The rhetoric of “the clash of civilisations” was at its height during those first years of this century. Over the twelve months before the invasion of Iraq the war drums in London were getting louder all the time. At first, the voices in Britain pressing for the invasion came from a particular corner of the political spectrum: people such as Michael Gove in The Times, Melanie Phillips in The Daily Mail, Barbara Amiel in The Daily Telegraph, and each and every one of them in The Spectator alongside Mark Steyn. As I read their columns, I could not believe they would be taken seriously. However, as the drums of war beat ever more furiously, new voices joined the chorus. They included people whose independence of judgement and lack of baggage on issues concerning the Middle East entitled them to respect. Anne McElvoy in the London Evening Standard and David Abramovich and Johann Hari in The Independent were good examples.

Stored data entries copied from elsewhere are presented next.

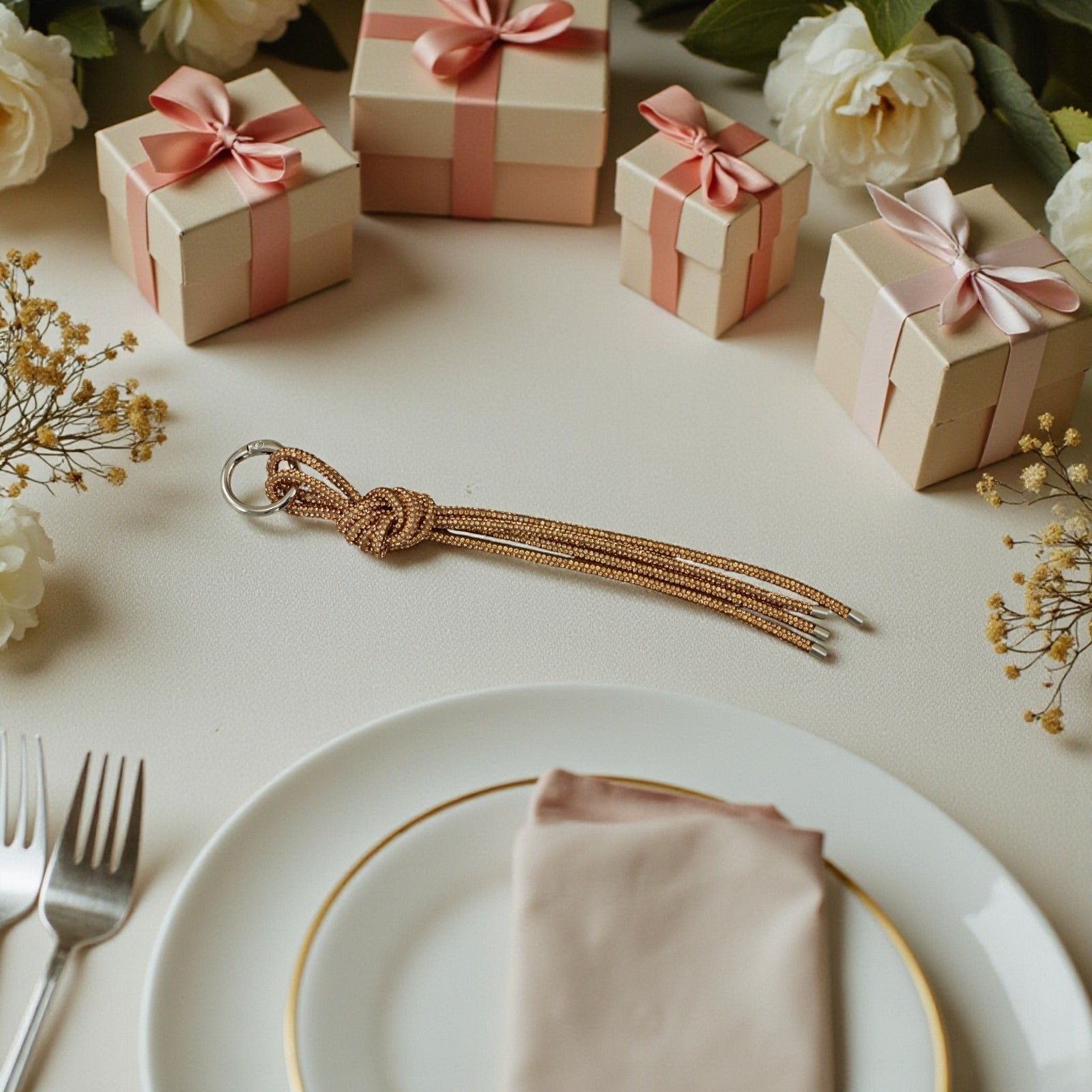 Realizzato con cura e attenzione ai dettagli, il laccio presenta un delicato intreccio di strass che cattura la luce in modo sorprendente, creando un effetto scintillante. Utilizzalo come chiudipacco per i tuoi regali o come elegante segnaposto per stupire i tuoi ospiti. Ogni pezzo è pensato per essere non solo un accessorio, ma un vero e proprio simbolo di amore e affetto che rimarrà nel cuore di chi lo riceve.
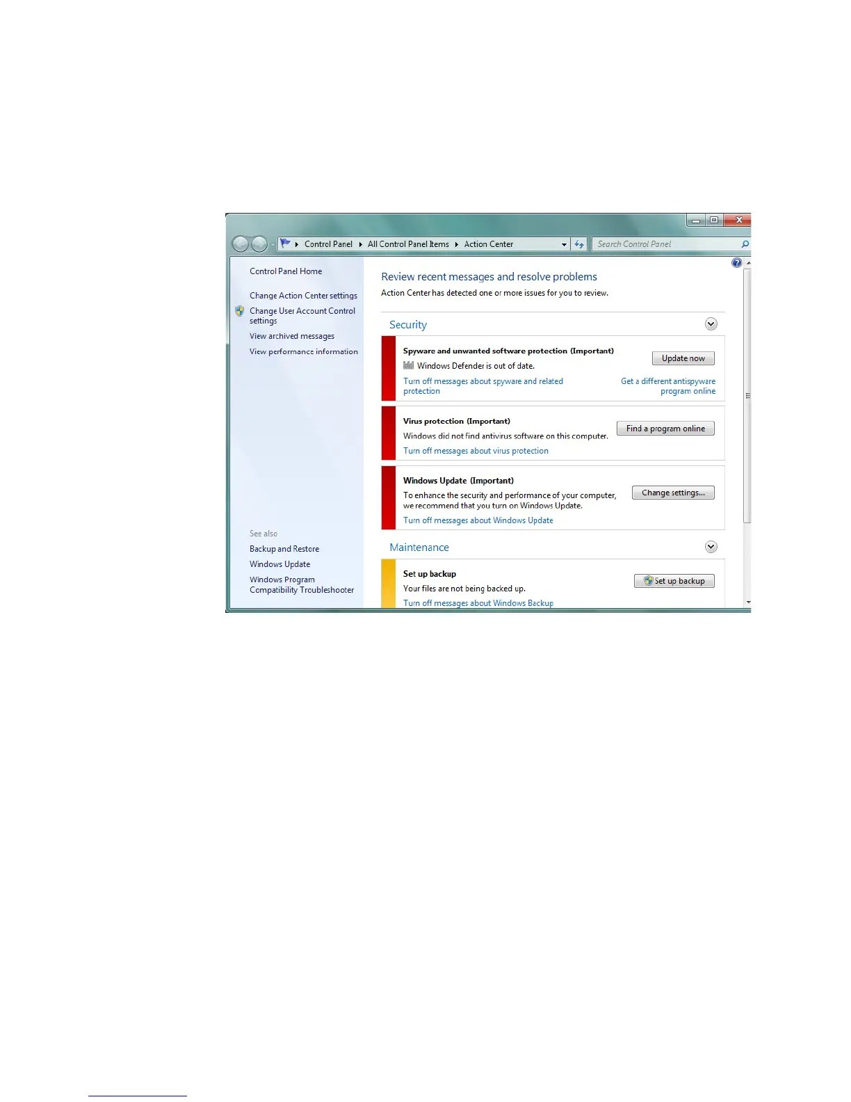 Windows Security Center provides a central location for you to manage the tablet’s security
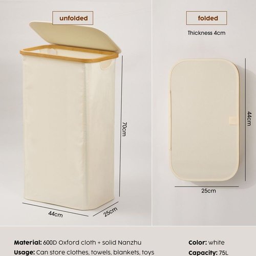 Our clothes hamper with lid is designed with easy assembly in mind. Just insert 4 included support rods into the corners and the basket will stand upright. Likewise, remove the poles when not in use and fold for easy storage.
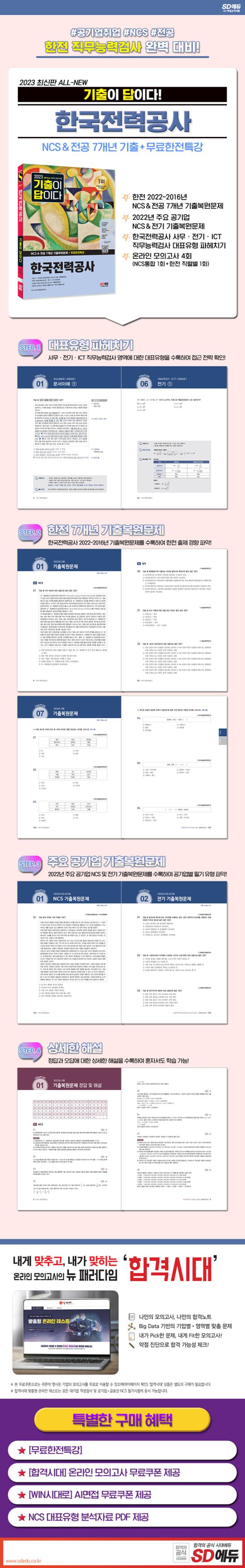 Çѱ¹Àü·Â°ø»ç Çʱâ½ÃÇè ÇÕ°ÝÀ» À§ÇØ SD¿¡µà¿¡¼­´Â 2023³â »ó¹Ý±â ä¿ëÀ» ´ëºñÇÏ¿© Çѱ¹Àü·Â°ø»ç ÃֽŠÇʱâÀüÇü ¸ÂÃãÇü ¹®Á¦·Î ±¸¼ºÇÑ ¡º2023 ÃÖ½ÅÆÇ All-New ±âÃâÀÌ ´äÀÌ´Ù! Çѱ¹Àü·Â°ø»ç(ÇÑÀü) NCS&Àü°ø 7°³³â ±âÃâ+¹«·áÇÑÀüƯ°­¡»À» Ãâ°£ÇÏ¿´´Ù. »ó¼¼ÇÑ ÇØ¼³·Î È¥ÀÚ¼­µµ ÇнÀÀÌ °¡´ÉÇϵµ·Ï ÇÏ¿´À¸¸ç, ¿Â¶óÀÎ ¸ðÀǰí»ç¸¦ ¹«·á·Î ÀÀ½ÃÇÒ ¼ö ÀÖ´Â ÄíÆùÀ» Á¦°øÇÏ¿© Çѱ¹Àü·Â°ø»ç ¹®Á¦ À¯Çü¿¡ ´ëÇÑ ¿¬½À°ú ÇÔ²² ÀÚ½ÅÀÇ ½Ç·ÂÀ» ÃÖÁ¾ Á¡°ËÇÒ ¼ö ÀÖµµ·Ï ÇÏ¿´´Ù.
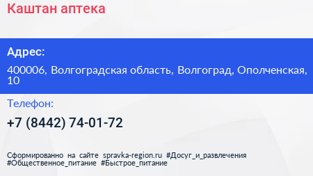 Каштан, аптека по адресу 400006, Волгоградская область, Волгоград, Ополченская, 10 в дальнейшем Организация, размещена в следующих категориях:
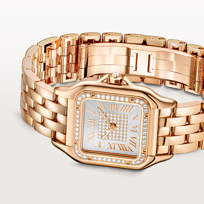 Ref. WJPN0041 - Panthère de Cartier, mittleres Modell, Quarzwerk. Gehäuse aus 750er Roségold, mit 44 Diamanten im Brillantschliff von insgesamt 0,28 Karat besetzt. Maße: 36,5 mm x 26,7 mm. Höhe: 6,8 mm. Mehrkantaufzugskrone aus 750er Roségold, mit einem Diamanten im Brillantschliff von 0,02 Karat besetzt. Versilbertes Zifferblatt mit Sonnenschliff, mit 60 Diamanten im Brillantschliff von insgesamt 0,22 Karat besetzt, schwertförmige Zeiger in Roségold-Finish. Armband aus 750er Roségold. Wasserdicht bis zu 3 bar.
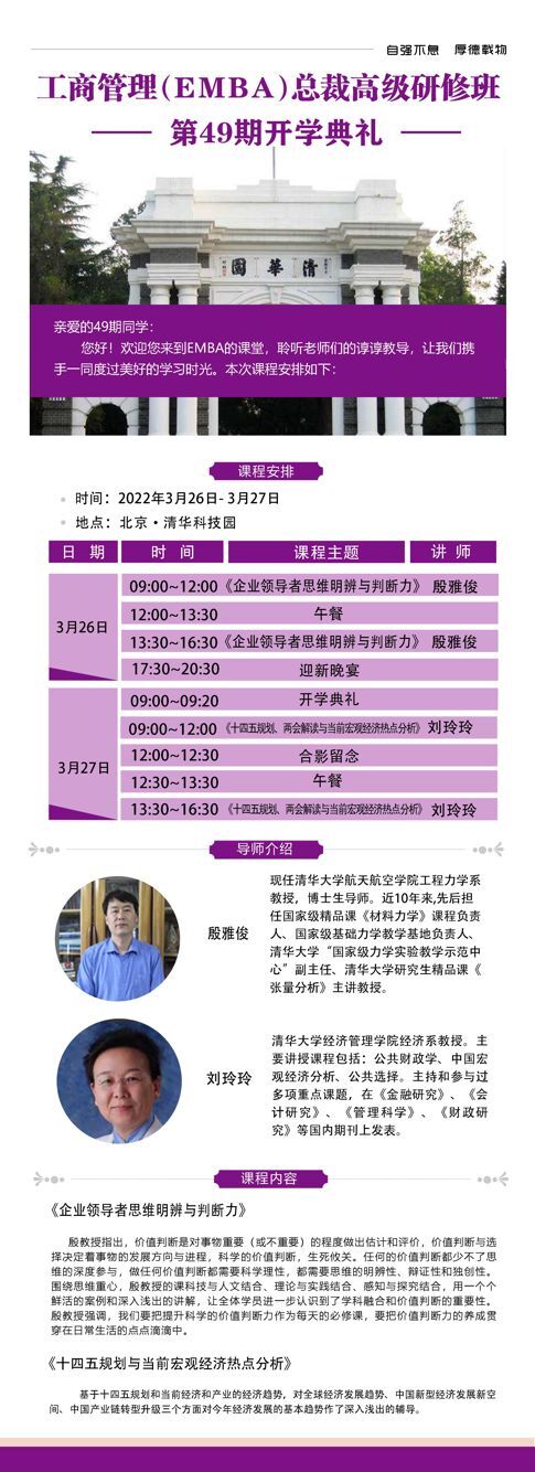 2022年3月26-27日工商管理EMBA總裁班49期開學(xué)典禮 授課主題:《企業(yè)領(lǐng)導(dǎo)者思維明辯與判斷力》、《十四五規(guī)劃、兩會(huì)解讀與當(dāng)前宏觀經(jīng)濟(jì)熱點(diǎn)分析》 授課老師:殷雅俊、劉玲玲 上課地點(diǎn):清華科技園 課程名稱:工商管理EMBA總裁研修班 |
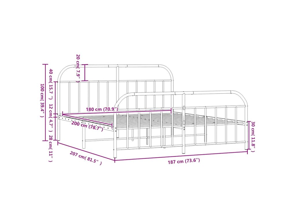 Kovový rám postele bez matrace s nožním čelem černý 180x200 cm 353657
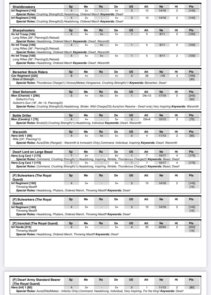 Dwarf armies these days seem to be delivered in a pretty standard package. There’s the formation, Golloch’s Fury, two Lords on Beasts, two infantry regiments (to taste), a brock regiment with a magic item, and some shooting of some type. On the plus side it means you know what you’re getting yourself into, on the not so plus side you also know what you’re getting yourself into.
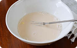 アーモンドミルクを加えて、泡だて器などでよく混ぜ合わせます。

Although I marched in the great demonstration in London against the invasion on 15 February 2003, I paused to reflect after the famous statue of Saddam Hussein was toppled in Baghdad’s Firdaws Square nearly two months later. Could it be that I had been wrong? Perhaps those who had pushed so insistently for the invasion did, after all, know best? Whatever I might feel about the journalism of Gove, Phillips, Steyn and Amiel, I knew there was one voice which I could not ignore. This was Bernard Lewis, who was then the doyen of the Islamic Studies establishment in English-speaking universities in the West. He also happened to be the originator of the phrase “clash of civilisations” which Samuel Huntington made famous, and was very influential in the America of George W. Bush. I believed that, more than anyone else, his books and essays provided the intellectual underpinning for the arguments that swung so many people round to supporting the war. When I was a student of Arabic and Islamic studies in the 1970s, I had respected some of his scholarly insights – but he was also frequently seen (rightly, in my view) as sometimes having tendentious views about Islam and the modern Arab world. The furious attack on him by Edward Said in Orientalism initiated one of the great academic feuds of the late twentieth century.
As events spun out of control in Iraq and civilian casualties mounted into the tens of thousands, the American and other coalition militaries made no systematic attempt to count the Iraqi slain. My anger returned. One day, a friend sat me down with one of Lewis’s short and very readable books about the “clash” between Islam and the West. As read it, I knew someone needed to reply to him. I resolved to make this my project, but I was keenly aware that in order to match him intellectually I would need to engage first in some very serious study.
I began by looking at a diverse group of writers who had also had an influence on the kind of attitudes that led to the Iraq invasion. These included such very different works as Lawrence Durrell’s The Alexandria Quartet, the pulp fiction novels Exodus and The Haj which Leon Uris wrote about the Arab-Israeli conflict, and the much more recent book by the Russian-Israeli Natan Sharansky The Case for Democracy: The Power of Freedom to Overcome Tyranny and Terror. In 2006, Michael Gove and Melanie Phillips gave me further food for thought by rushing out their own books, Celsius 7/7 and Londonistan, which were their responses to the suicide bombs in London on 7 July 2005. Lewis, Sharansky, Gove and Phillips claimed to speak with what they called “moral clarity”. I knew that they were doing no such thing, and reading them spurred me on.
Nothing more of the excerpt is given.